Yes, I agree with this statement too.  But new algorithm doesn't try
to create a perfect distribution.  It stops collecting hashes for
migration when distribution is close enough.  In this patch it's 10%
difference with the "ideal" value.  I agree that this might be too
much.  We can, probably, tune this value.  For example, 90% difference
with "ideal" for a single movement will be somewhat close to the
current algorithm as we will move hashes that reduces the difference
by 10%.   I'm afraid, though, that this will result in much more
movements, so it might make sense to settle somewhere in the middle,
e.g. 40-50% of improvement for a single migration.  This should be
fair enough.

Thoughts?

> 
> Is it still possible to address the issue mentioned while maintaining
> current interface? Can we find some way to break the tie in case current
> algorithm fail to nominate any bucket to move?
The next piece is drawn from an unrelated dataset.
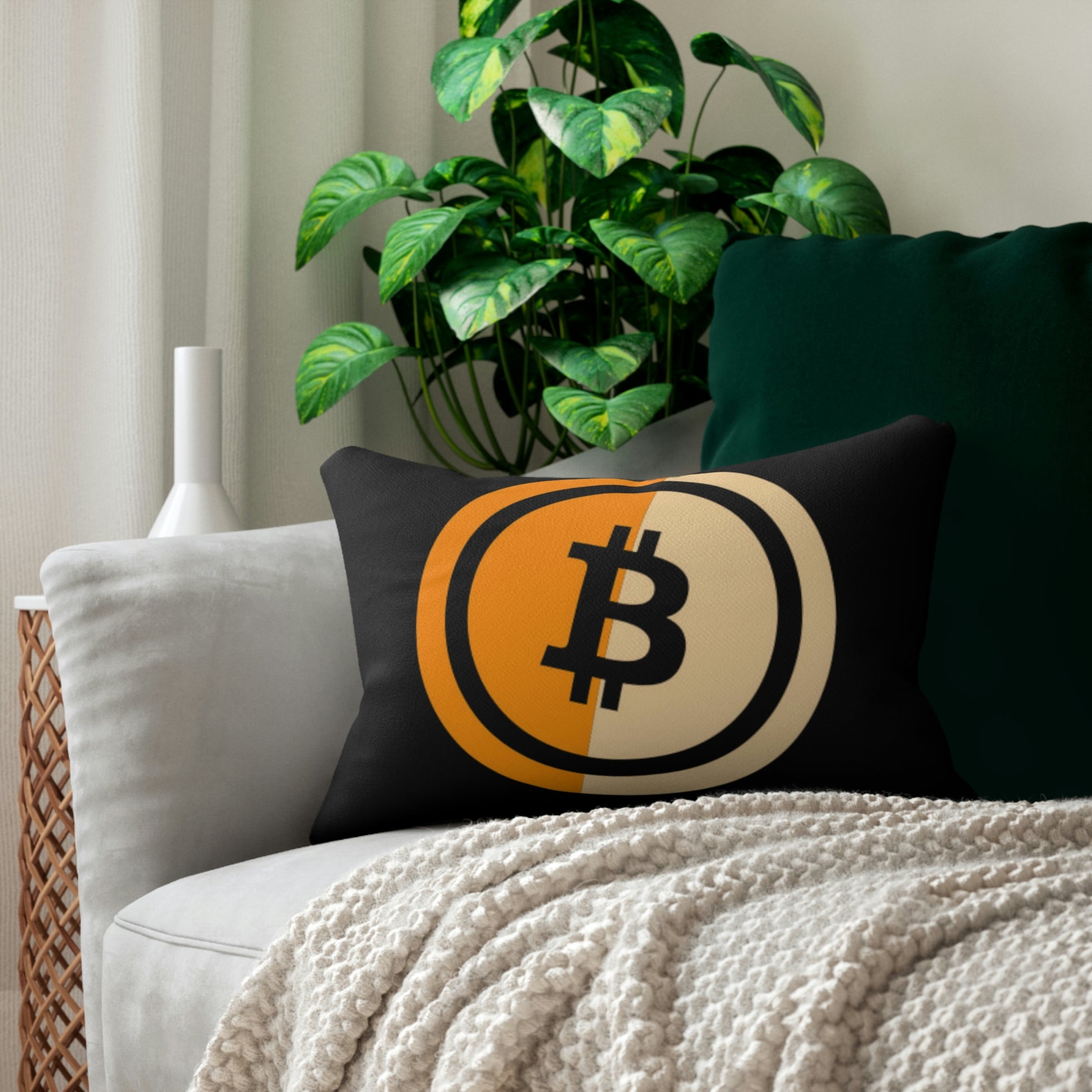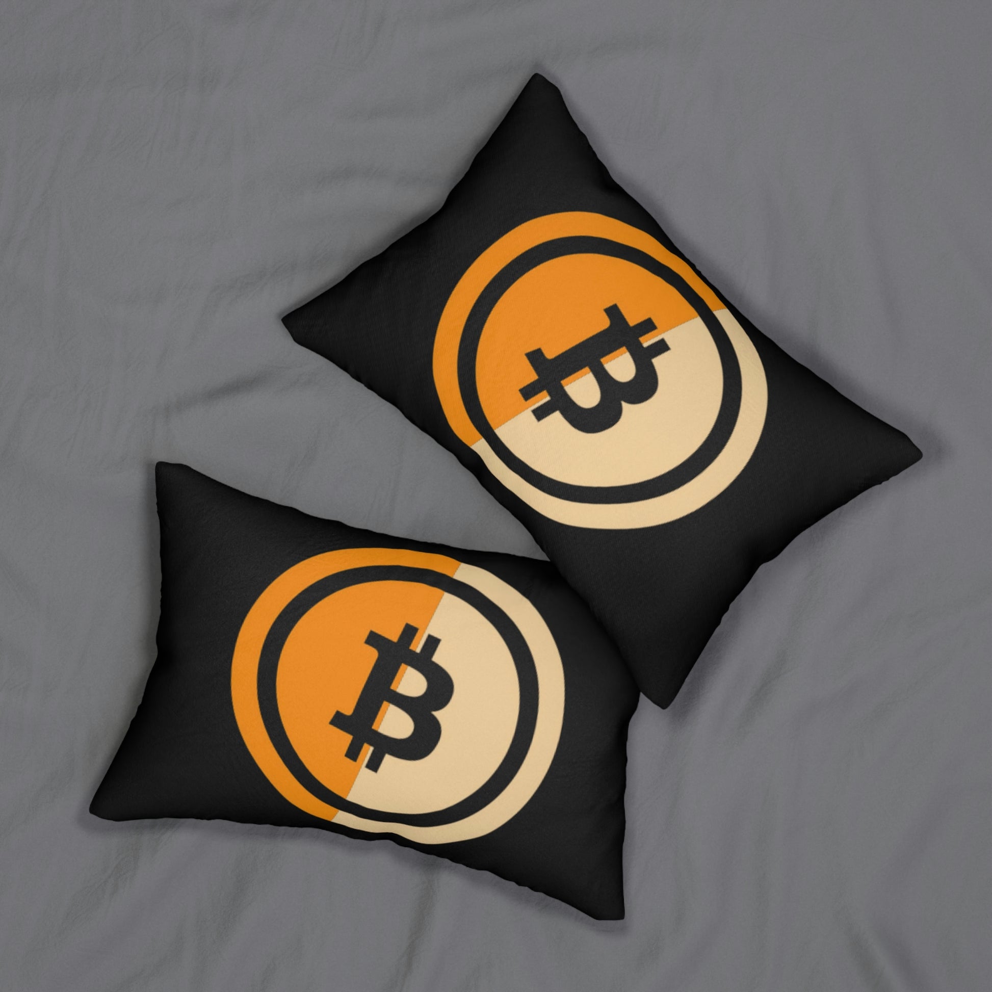 Add this beautiful spun-polyester Bitcoin lumbar pillow to your home decor pieces today. It comes with a stuffing pillow included. The casing is made of a spun polyester fabric that is inherently mildew and water-resistant. You can place your design on both sides or have a different design on each side. It has a hidden beige zipper to maintain a finished and stylish look.

It's hard to tell.  I've been thinking about this for a long time
before sending this patch and didn't came up with anything elegant.
It would be easy to identify this kind of case where all hashes are
smaller than 10% of the difference, but the difference itself is high,
and use the new algorithm only for this case, but I suspect that in
this case we will always move hashes one by one several times with
the old algorithm and use the new one on the last iteration to move
a bunch of smaller hashes.  The end result might be not any different
than just running new algorithm from the beginning.  Also this schema
will take much more processing time than just running a new algorithm
from the start.

For now I'm going to rebase this patch-set and, probably, change the
moving threshold from 10% to 40-50%, so we will not move too many
small hashes at a time.  Will send v2.

Best regards, Ilya Maximets.
Ben Pfaff June 10, 2021, 11:24 p.m. UTC | #3
On Mon, Jun 07, 2021 at 01:01:33PM +0200, Ilya Maximets wrote:
> On 8/2/17 11:09 PM, Andy Zhou wrote:
> > On Thu, Jul 20, 2017 at 10:21 AM, Ilya Maximets <i.maximets@samsung.com> wrote:
> >> There are 3 constraints for moving hashes from one slave to another:
> >>
> >>         1. The load difference is larger than ~3% of one slave's load.
> >>         2. The load difference between slaves exceeds 100000 bytes.
> >>         3. Moving of the hash makes the load difference lower by > 10%.
> >>
> >> In current implementation if one of the slaves goes DOWN state, all
> >> the hashes assigned to it will be moved to other slaves. After that,
> >> if slave will go UP it will wait for rebalancing to get some hashes.
> >> But in case where we have more than 10 equally loaded hashes it
> >> will never fit constraint #3, because each hash will handle less than
> >> 10% of the load. Situation become worse when number of flows grows
> >> higher and it's almost impossible to migrate any hash when all the
> >> 256 hash entries are used which is very likely when we have few
> >> hundreds/thousands of flows.
> >>
> >> As a result, if one of the slaves goes down and up while traffic
> >> flows, it will never be used again for packet transmission.
> >> Situation will not be fixed even if we'll stop traffic completely
> >> and start it again because first two constraints will block
> >> rebalancing on the earlier stages while we have low amount of traffic.
> >>
> >> Moving of one hash if destination has no hashes as it was before
> >> commit c460a6a7bc75 ("ofproto/bond: simplify rebalancing logic")
> >> will not help because having one hash isn't enough to make load
> >> difference less than 10% of total load and this slave will
> >> handle only that one hash forever.
> >>
> >> To fix this lets try to move few hashes simultaniously to fit
> >> constraint #3.
> > 
> > Thanks for working on this.
> 
> Sorry for not replying for almost 4 years. :)
> 
> And sorry for resurrecting the thread, but the issue still exists and
> I think that we still need to fix it.  The first patch needs a
> minor rebase, but it still works fine.  The test in the second patch
> is still valid.

I don't think Andy is working on OVS these days.  I'm the original
author of the rebalancing algorithm, so I went back and took a look at
patch 1.  I see a little bit of coding style I'd do differently these
days (e.g. declare 'i' in the 'for' loops rather than at the top of a
block) but the code and the rationale for it seems solid to me.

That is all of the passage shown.